Exercise: What do the lines say, reproduced word for word, from the first of the entries below through the line bearing "You want to"?

[Data items]

.....

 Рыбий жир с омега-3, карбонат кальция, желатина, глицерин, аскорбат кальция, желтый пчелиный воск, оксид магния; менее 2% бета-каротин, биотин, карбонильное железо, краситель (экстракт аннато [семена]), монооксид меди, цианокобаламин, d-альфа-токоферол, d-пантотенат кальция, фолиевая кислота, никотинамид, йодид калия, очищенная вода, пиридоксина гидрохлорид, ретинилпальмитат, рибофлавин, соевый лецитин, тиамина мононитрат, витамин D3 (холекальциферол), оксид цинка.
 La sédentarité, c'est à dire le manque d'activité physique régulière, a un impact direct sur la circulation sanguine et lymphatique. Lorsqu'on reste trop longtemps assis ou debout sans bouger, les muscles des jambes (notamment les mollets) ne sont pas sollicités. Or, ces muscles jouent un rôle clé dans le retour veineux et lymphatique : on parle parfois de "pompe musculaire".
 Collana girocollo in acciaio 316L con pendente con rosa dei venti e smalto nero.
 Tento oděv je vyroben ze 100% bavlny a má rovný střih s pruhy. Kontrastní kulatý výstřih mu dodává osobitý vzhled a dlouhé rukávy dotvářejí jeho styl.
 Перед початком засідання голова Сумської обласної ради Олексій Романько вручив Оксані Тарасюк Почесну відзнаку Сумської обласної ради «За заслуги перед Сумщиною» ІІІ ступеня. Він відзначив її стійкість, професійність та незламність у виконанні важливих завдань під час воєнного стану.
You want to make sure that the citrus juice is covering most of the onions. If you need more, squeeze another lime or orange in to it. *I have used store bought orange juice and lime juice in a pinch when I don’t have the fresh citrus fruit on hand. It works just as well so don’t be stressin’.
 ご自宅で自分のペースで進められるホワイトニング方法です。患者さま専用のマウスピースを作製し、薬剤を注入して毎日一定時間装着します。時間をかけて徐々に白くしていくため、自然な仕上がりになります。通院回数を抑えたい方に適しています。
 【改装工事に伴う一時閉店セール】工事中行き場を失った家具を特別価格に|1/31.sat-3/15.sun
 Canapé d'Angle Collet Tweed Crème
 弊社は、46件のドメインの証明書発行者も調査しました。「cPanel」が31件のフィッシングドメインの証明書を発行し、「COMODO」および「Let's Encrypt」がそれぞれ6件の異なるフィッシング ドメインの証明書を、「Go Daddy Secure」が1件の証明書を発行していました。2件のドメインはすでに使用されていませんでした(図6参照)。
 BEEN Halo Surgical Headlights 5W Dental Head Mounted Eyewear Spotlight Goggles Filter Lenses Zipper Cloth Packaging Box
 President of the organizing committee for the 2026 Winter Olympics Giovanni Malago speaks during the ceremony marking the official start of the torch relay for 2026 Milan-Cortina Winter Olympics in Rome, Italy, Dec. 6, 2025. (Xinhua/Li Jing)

.....

Output:
 Рыбий жир с омега-3, карбонат кальция, желатина, глицерин, аскорбат кальция, желтый пчелиный воск, оксид магния; менее 2% бета-каротин, биотин, карбонильное железо, краситель (экстракт аннато [семена]), монооксид меди, цианокобаламин, d-альфа-токоферол, d-пантотенат кальция, фолиевая кислота, никотинамид, йодид калия, очищенная вода, пиридоксина гидрохлорид, ретинилпальмитат, рибофлавин, соевый лецитин, тиамина мононитрат, витамин D3 (холекальциферол), оксид цинка.
 La sédentarité, c'est à dire le manque d'activité physique régulière, a un impact direct sur la circulation sanguine et lymphatique. Lorsqu'on reste trop longtemps assis ou debout sans bouger, les muscles des jambes (notamment les mollets) ne sont pas sollicités. Or, ces muscles jouent un rôle clé dans le retour veineux et lymphatique : on parle parfois de "pompe musculaire".
 Collana girocollo in acciaio 316L con pendente con rosa dei venti e smalto nero.
 Tento oděv je vyroben ze 100% bavlny a má rovný střih s pruhy. Kontrastní kulatý výstřih mu dodává osobitý vzhled a dlouhé rukávy dotvářejí jeho styl.
 Перед початком засідання голова Сумської обласної ради Олексій Романько вручив Оксані Тарасюк Почесну відзнаку Сумської обласної ради «За заслуги перед Сумщиною» ІІІ ступеня. Він відзначив її стійкість, професійність та незламність у виконанні важливих завдань під час воєнного стану.
You want to make sure that the citrus juice is covering most of the onions. If you need more, squeeze another lime or orange in to it. *I have used store bought orange juice and lime juice in a pinch when I don’t have the fresh citrus fruit on hand. It works just as well so don’t be stressin’.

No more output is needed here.